To probe the molecular mechanism of human TRPM8 (hTRPM8) modulation by PIRT, we used solution nuclear magnetic resonance (NMR) spectroscopy, microscale thermophoresis (MST), and Rosetta computational techniques to isolate how human PIRT (hPIRT), PIP₂, and hTRPM8 interact. With solution NMR, we assigned the backbone resonances from full-length hPIRT and used solvent paramagnetic relaxation enhancement studies to experimentally identify its general membrane topology. With the assigned resonances, we used NMR-detected titrations to isolate specific hPIRT residues that bind PIP₂ and the human TRPM8 ligand-sensing domain (hTRPM8-S1S4).

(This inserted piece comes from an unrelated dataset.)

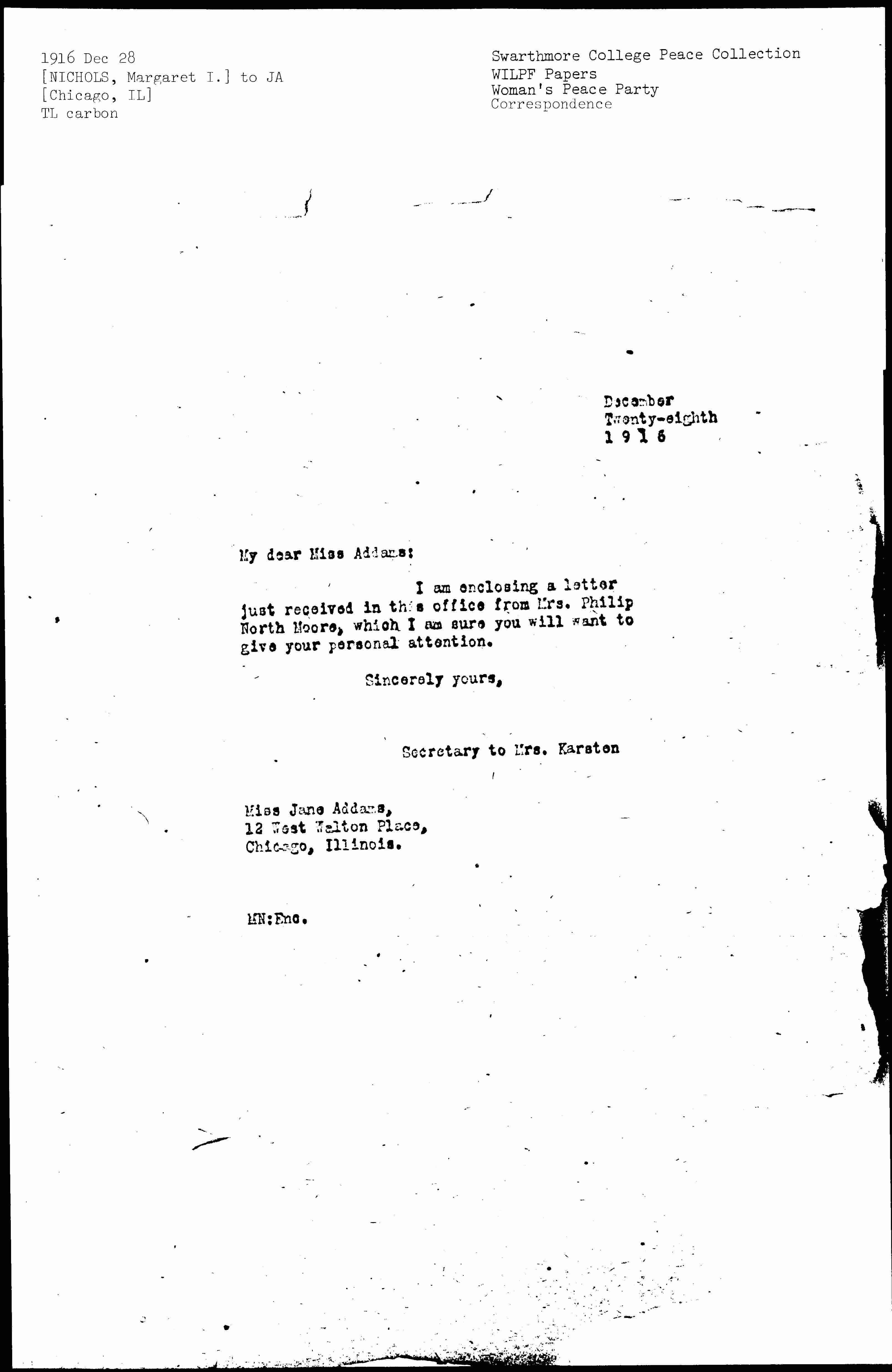 My dear Miss Addams:

Our NMR binding studies identify several hPIRT residues that bind both the hTRPM8-S1S4 and PIP₂, which is suggestive of a competitive interaction. Using MST, we validate the NMR-detected binding studies and show that hPIRT displays classical competition with reduced affinity (i.e., a higher K_d value) for hTRPM8-S1S4 when PIP₂ is present at saturating conditions.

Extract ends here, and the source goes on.